### Exercise instructions
Beginning at the line that contains "For hotel rooms, restaurant" and finishing at the line that contains "Азбука ученического самоуправления", output the data below exactly. Include both end lines and no pictures.

*** Opening of Available data ***

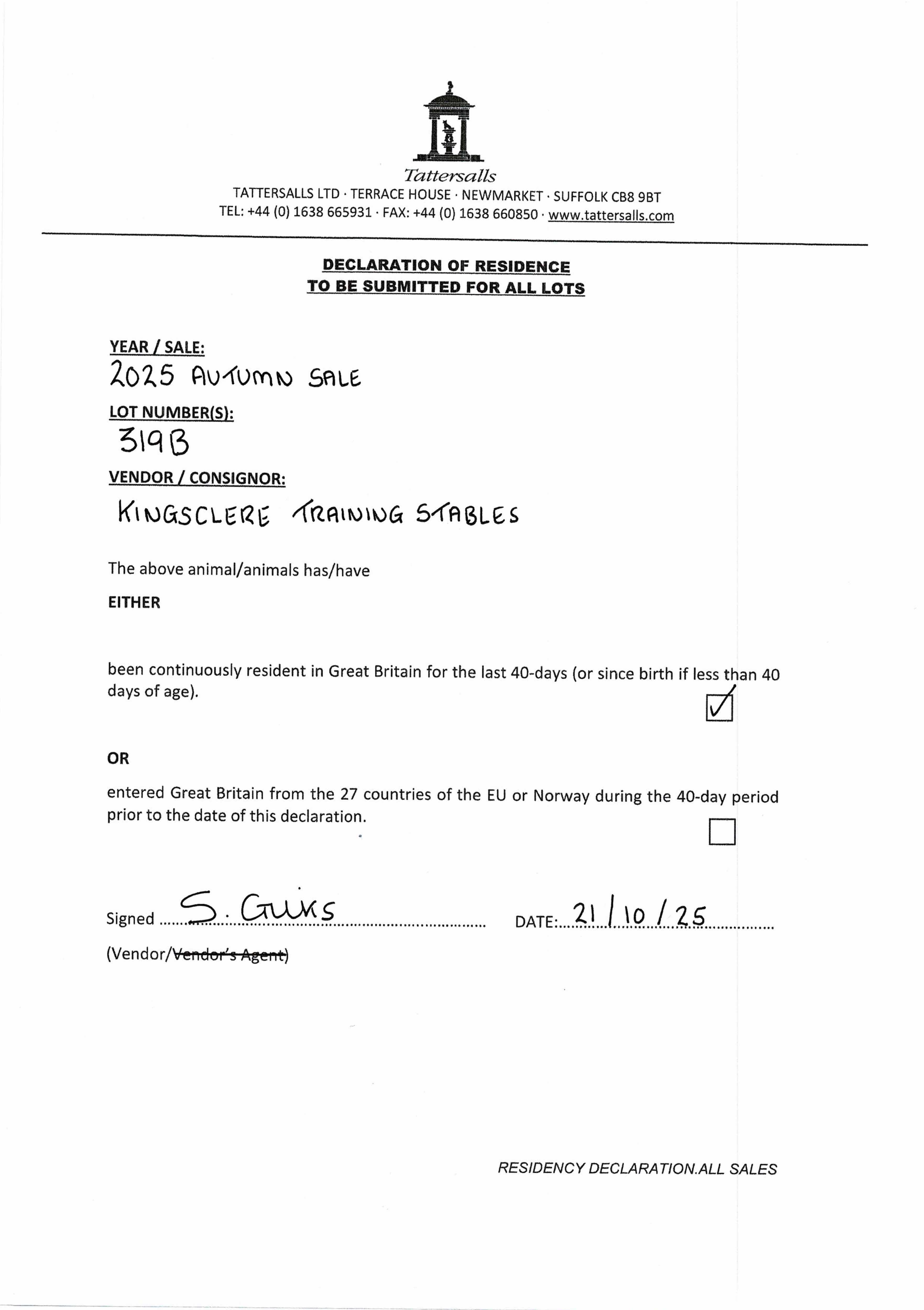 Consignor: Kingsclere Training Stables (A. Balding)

*** Close of Available data ***
*** Opening of Available data ***

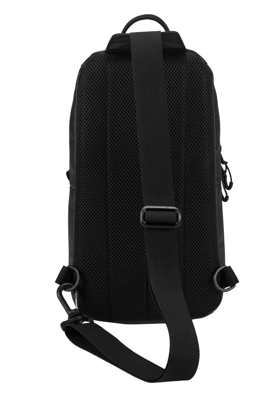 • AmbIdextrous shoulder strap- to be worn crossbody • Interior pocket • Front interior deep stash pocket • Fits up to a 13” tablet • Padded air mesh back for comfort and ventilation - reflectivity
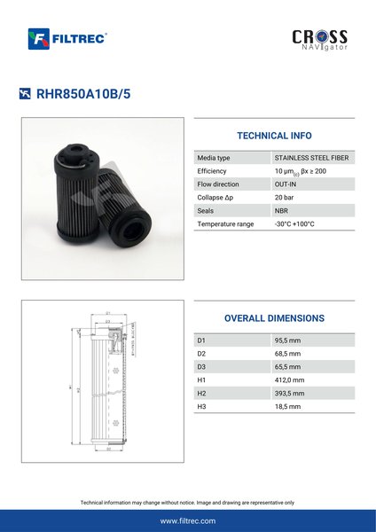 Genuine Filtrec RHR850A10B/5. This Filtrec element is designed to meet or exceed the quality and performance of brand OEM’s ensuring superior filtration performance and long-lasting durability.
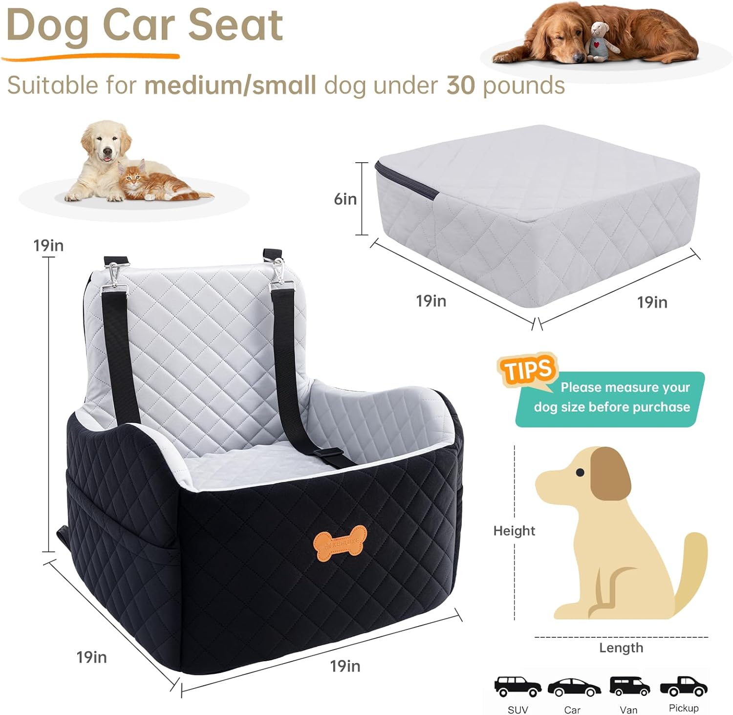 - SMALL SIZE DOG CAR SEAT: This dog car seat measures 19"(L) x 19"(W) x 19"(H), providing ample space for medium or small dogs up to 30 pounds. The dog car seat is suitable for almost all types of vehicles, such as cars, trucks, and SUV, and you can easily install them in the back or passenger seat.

*** Close of Available data ***
*** Opening of Available data ***

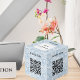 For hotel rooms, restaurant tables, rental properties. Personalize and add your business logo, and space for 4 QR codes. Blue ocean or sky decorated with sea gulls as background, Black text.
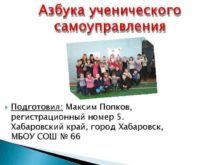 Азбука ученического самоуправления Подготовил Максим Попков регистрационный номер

*** Close of Available data ***

### Result
 For hotel rooms, restaurant tables, rental properties. Personalize and add your business logo, and space for 4 QR codes. Blue ocean or sky decorated with sea gulls as background, Black text.
 Азбука ученического самоуправления Подготовил Максим Попков регистрационный номер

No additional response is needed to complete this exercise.